The Seattle Star
Saturday, May 6, 1899
NEW YORK, May 6. - William Jensen, who was the proprietor of a delicatessen store on Ave A and who went to the Klondike region in a search for gold a year ago, returned to New York yesterday with 60 cents. He started for the Klondike with a complete miner's outfit and $1800 in cash. When he got back he said he never would have been able to get back to New York if a man in Skagway hadn't lent him $500. The man was a stranger to him, but was from his native town in Sweden. Jensen intends to go to work on Monday morning in a South Brooklyn factory at $12 a week. Sitting at a table yesterday in an Avenue A saloon, surrounded by many of his friends, Jensen summed up his Klondike experience in the following words:
"I been a damn fool. I been twenty year in New York an' I save much money. I been crazy like a damn fool to do dat for to go to Klondike."
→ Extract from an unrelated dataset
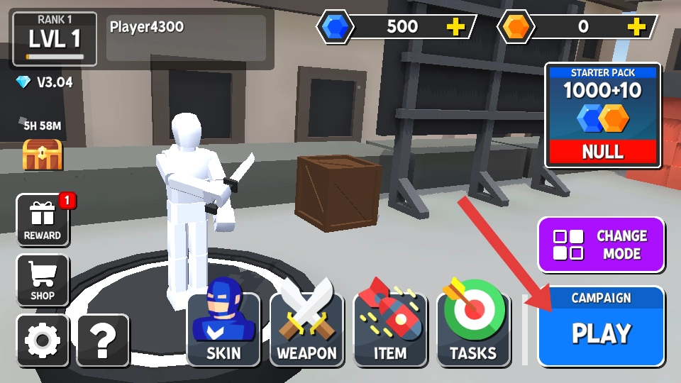 1、在游戏主界面,点击【PLAY】按钮,进入战役模式的战斗场景。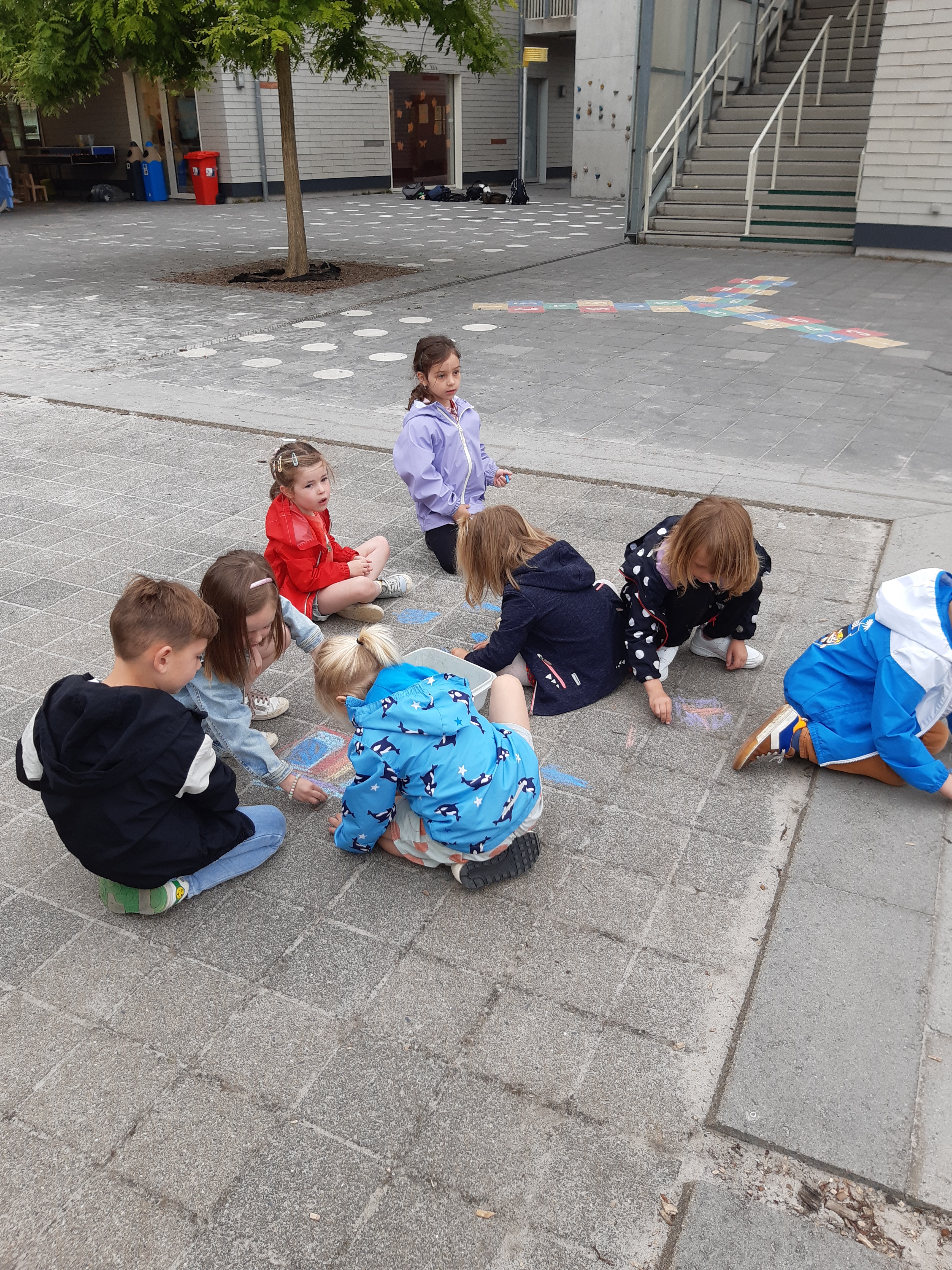 het springkasteel, dansen, fietsen, krijten, volksspelen,

Jensen said that he was buncoed all along the line to the Klondike and all the way back. He said that he paid $550 to a man who sold him a piece of paper that purported to be a deed to a valuable claim near Mynook creek. Then he said he was "bled" by the Canadian customs officers between Tagish lake and Marsh lake and was compelled to give them $250, although he had paid duty on his outfit to the customs officers at White pass. Jensen said that, after being buncoed on all sides by transportation companies, Canadian customs and ordinary bunco men he had a few hundred dollars left. This he lost learning the American games of draw poker.